--- Collected material Enclosed Below ---

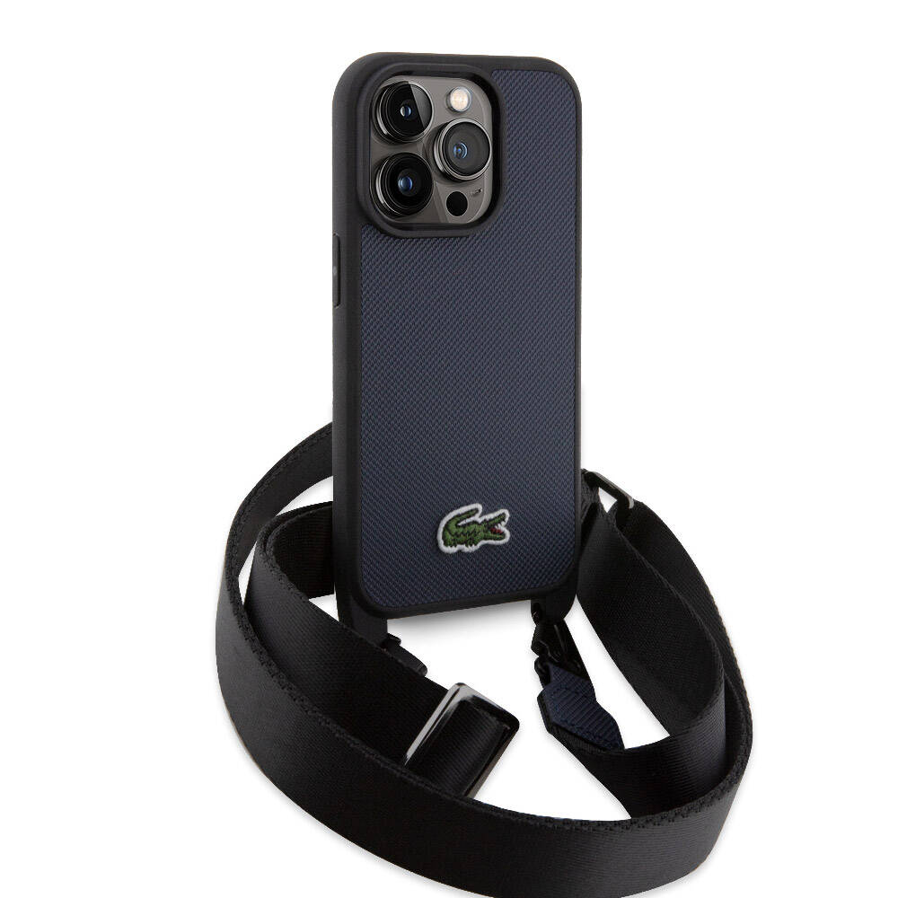 Apple iPhone 14 Pro Max Kılıf Lacoste Orjinal Lisanslı PU Pike Desenli Arka Yüzey Askılı İkonik Timsah Dokuma Logolu Kapak Lacivert
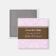 Save the Date ein Damast-Magnet mit rosa Hintergrund und Schokoladenakzent. Copyright © 2009 PixDezines.com und PixDezines auf zazzle.com
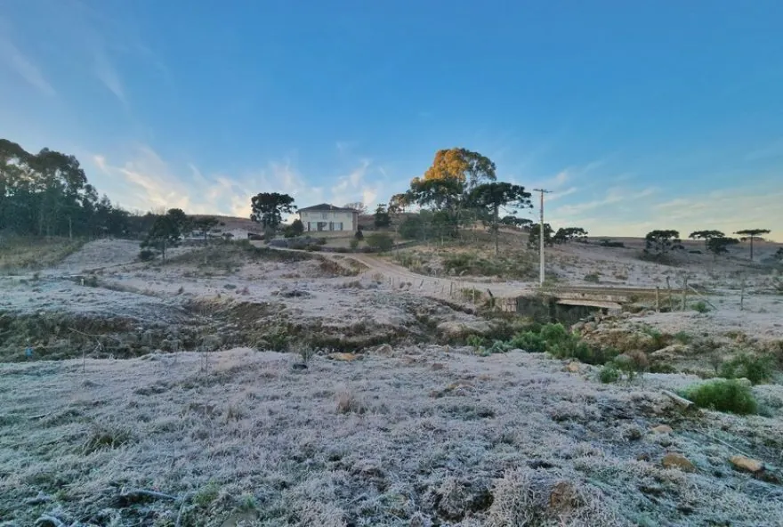 A geada cobriu de branco campos na Serra de Santa Catarina no amanhecer deste domingo (6). Foram registradas temperaturas negativas, com uma mínima de -4,3°C em São Joaquim, segundo estação do Instituto Nacional de Meteorologia (Inmet).

--- End of Enclosed Collected material ---

Work instruction: Could you repeat word for word only the lines from the one that contains "Save the Date" through the end of the listing, leaving out the pictures?

Answer to this exercise:
 Save the Date ein Damast-Magnet mit rosa Hintergrund und Schokoladenakzent. Copyright © 2009 PixDezines.com und PixDezines auf zazzle.com
 A geada cobriu de branco campos na Serra de Santa Catarina no amanhecer deste domingo (6). Foram registradas temperaturas negativas, com uma mínima de -4,3°C em São Joaquim, segundo estação do Instituto Nacional de Meteorologia (Inmet).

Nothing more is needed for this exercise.